For me, the answer to this is easy - you can’t make someone inspirational. End of story? Not quite, because when it comes to leadership I think we could all become competent leaders - even great ones - if we put in the effort to learn from those who inspire us.
I have met inspirational leaders in many different circumstances, from benefit offices, to prisons, to Helmand. These people had incredibly different jobs, but they share at least two characteristics - an integrity that is evident in everything they do, and a passionate commitment to the people they serve (both “customers” and staff).
I’ve just seen the film “Selma”, an incredibly moving reminder of a moment in the history of the US civil rights movement. Luckily for the rest of us, you don’t have to have the eloquence of a Martin Luther King’s to be an inspirational leader. After I’d seen the film I read that the filmmakers weren’t permitted to use any of Martin Luther King’s own speeches, for copyright reasons, so his rousing words were made up for the film. These made-up speeches were impressive and moving, but what really inspires in this story is the commitment of a man to a cause and his willingness to suffer the consequences of his commitment.

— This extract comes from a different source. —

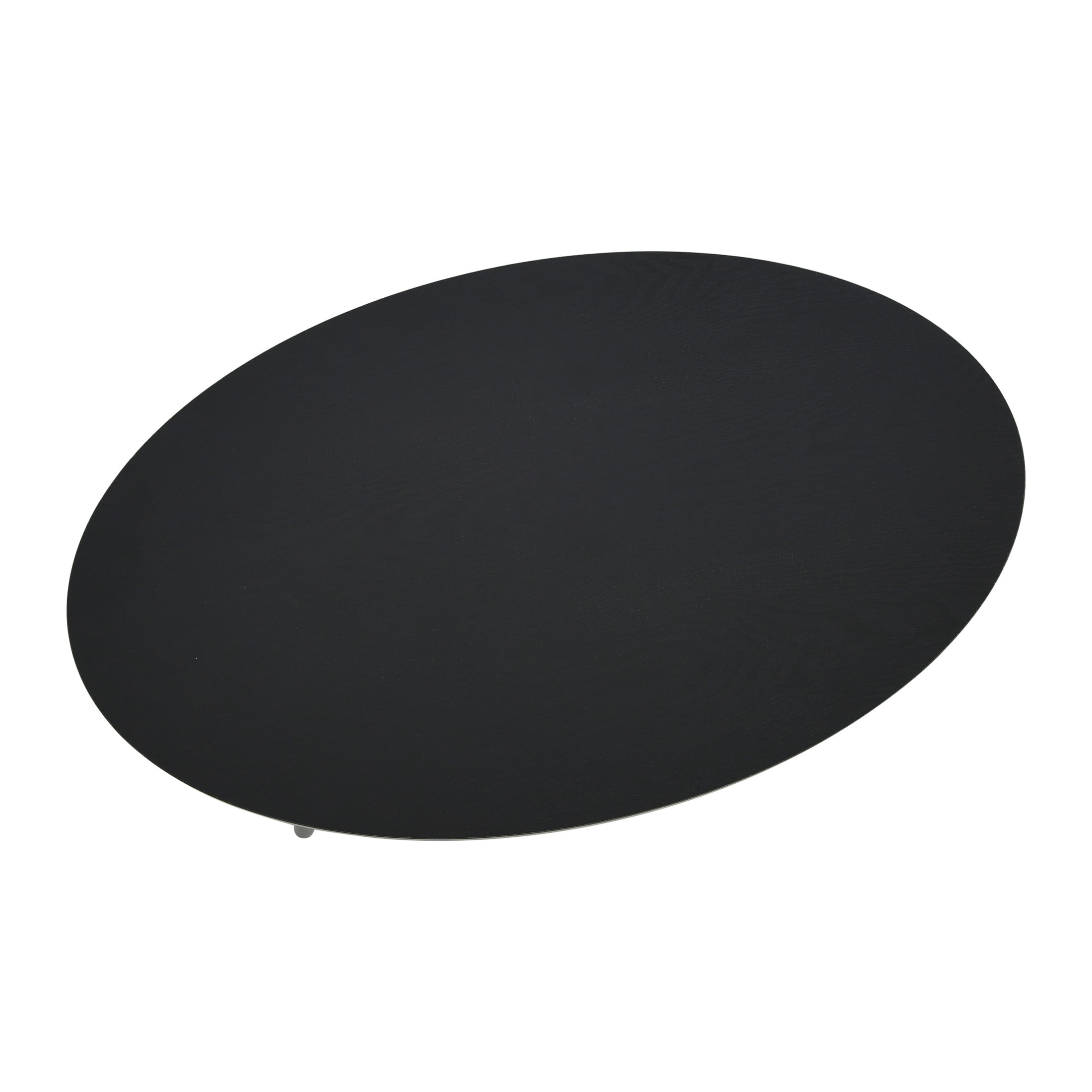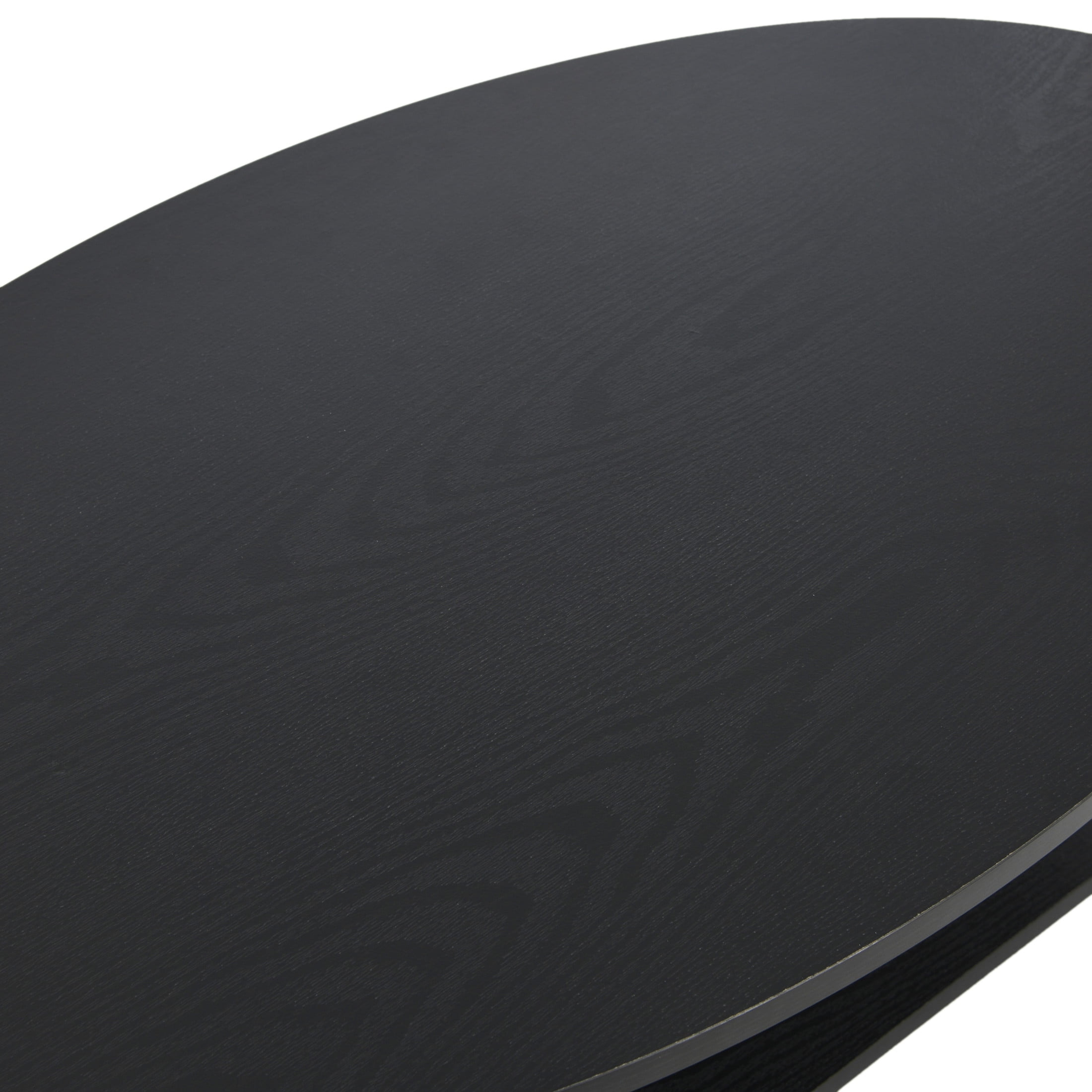 This oval coffee table is a wonderful addition to any home or space. Its low profile and slim design make it perfect for use as a coffee table, but it could also be used as a side table, as an end table, or elsewhere in the home. The table has a lower storage shelf for ample space to store coffee table books, magazines, remotes, coasters, and any other items you want to keep handy or on display. The table’s oval top and rectangular shelf make for an interesting and modern look. The table has a steel frame with slightly angled legs for a look reminiscent of mid century modern design. The tabletop and shelf are made of high-quality engineered wood with a smooth laminate exterior. The lightweight materials and frame keep the table durable without being heavy, weighing just under 25 pounds, and the laminate makes the table’s surface much more durable and easier to care for than real wood. To clean, simply wipe the surface with a damp cloth. The laminate has a faux dark woodgrain finish with stylish and purposeful distressing for a worn, restorative look. Because the distressing on each piece is unique, your table may vary slightly from the photo examples. The mix of warm-toned faux wood and black metal make for a sleek and chic design. The table comes ready to assemble and is easy to put together. This table coordinates with other pieces in the Household Essentials Black Oak collection.

Putting leadership values into practice
The leaders who inspire us have often had to confront unacceptable behaviour or take courageous decisions. All of us hope we would be courageous in a crisis, but the real inspiration is the courage to live your values day in, day out. In the Civil Service we have a set of shared values and a new Leadership Statement. By working out what the values mean for us in our jobs, by continually talking about them to our staff, and by trying to put them into practice on a daily basis we can build collective leadership strength. Working together in this way helps to reinforce our self-confidence as leaders and means we can support each other better when there are tough decisions to be taken.
As to the commitment to people, the retailer and restaurateur Terence Conran once said, “Good customer service is easy: employ nice people.” You can’t be an inspirational leader - or even a competent leader - if you’re not interested in people. If you’re not born with an interest in people then leadership is going to be tough, but every one of us can put more effort into understanding people and learning how to help them give of their best.
I recall a Permanent Secretary in DWP once asking why one of our managers had cornered the best policy staff when his work was not the top priority at the time. The answer was that he had an average team whom he had motivated and inspired so they outperformed the rest. We can all learn from leaders like him, by listening to our staff, supporting them and encouraging them to deliver excellent service.
Inspiration here is not just about the soft stuff; it has a hard edge too. Inspirational leaders support and encourage their staff, even if they make mistakes, but that doesn’t mean they stand for second best. That’s because their commitment to people extends to the people they serve. This is definitely an area where nurture works: we can all improve our leadership skills by being clear what good looks like, rewarding those who deliver consistently good service and encouraging those who strive for continuous improvement.
If you look at the People Survey, there are examples of great leaders in every department at every level, including leaders who get scores of 90% on motivating their staff. Some of these have no doubt been inspirational since the day they were born, but many will have become great leaders by learning and improving. Imitation is the best form of flattery and we can all get a little bit closer to inspirational by learning what they do and doing it ourselves.